## EXERCISE INSTRUCTIONS
From the first line to the last, set down the material exactly, leaving out its pictures.

## SOURCE MATERIAL

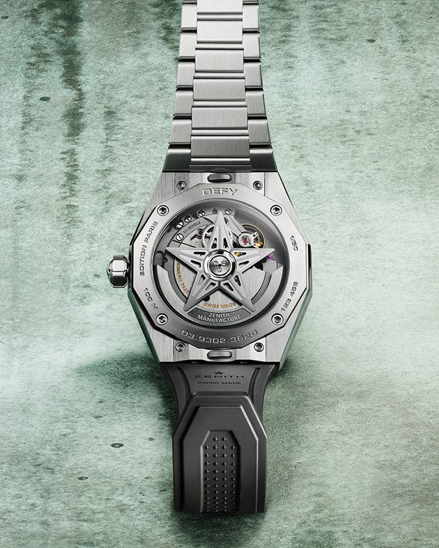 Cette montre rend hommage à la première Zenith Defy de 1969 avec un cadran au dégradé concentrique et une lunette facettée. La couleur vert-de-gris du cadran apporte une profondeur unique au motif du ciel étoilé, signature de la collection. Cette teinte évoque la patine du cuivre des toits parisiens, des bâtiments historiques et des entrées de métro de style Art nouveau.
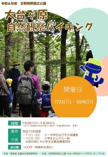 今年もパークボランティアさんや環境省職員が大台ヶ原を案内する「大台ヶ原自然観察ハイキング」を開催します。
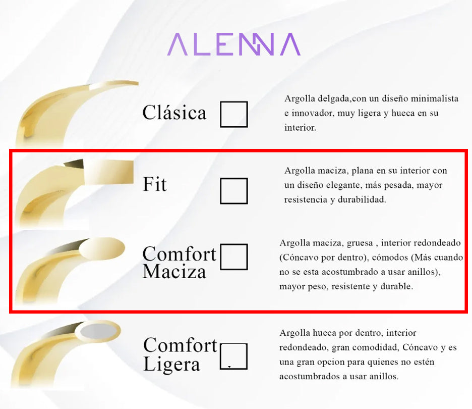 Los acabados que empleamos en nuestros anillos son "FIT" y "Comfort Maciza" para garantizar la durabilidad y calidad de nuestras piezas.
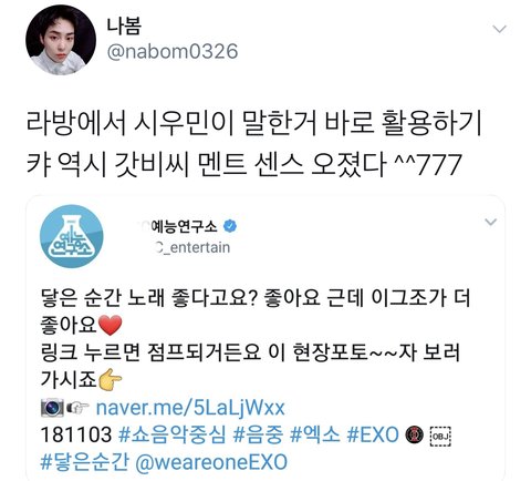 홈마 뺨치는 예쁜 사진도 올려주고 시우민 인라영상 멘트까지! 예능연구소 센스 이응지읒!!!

## EXERCISE RESULT
 Cette montre rend hommage à la première Zenith Defy de 1969 avec un cadran au dégradé concentrique et une lunette facettée. La couleur vert-de-gris du cadran apporte une profondeur unique au motif du ciel étoilé, signature de la collection. Cette teinte évoque la patine du cuivre des toits parisiens, des bâtiments historiques et des entrées de métro de style Art nouveau.
 今年もパークボランティアさんや環境省職員が大台ヶ原を案内する「大台ヶ原自然観察ハイキング」を開催します。
 Los acabados que empleamos en nuestros anillos son "FIT" y "Comfort Maciza" para garantizar la durabilidad y calidad de nuestras piezas.
 홈마 뺨치는 예쁜 사진도 올려주고 시우민 인라영상 멘트까지! 예능연구소 센스 이응지읒!!!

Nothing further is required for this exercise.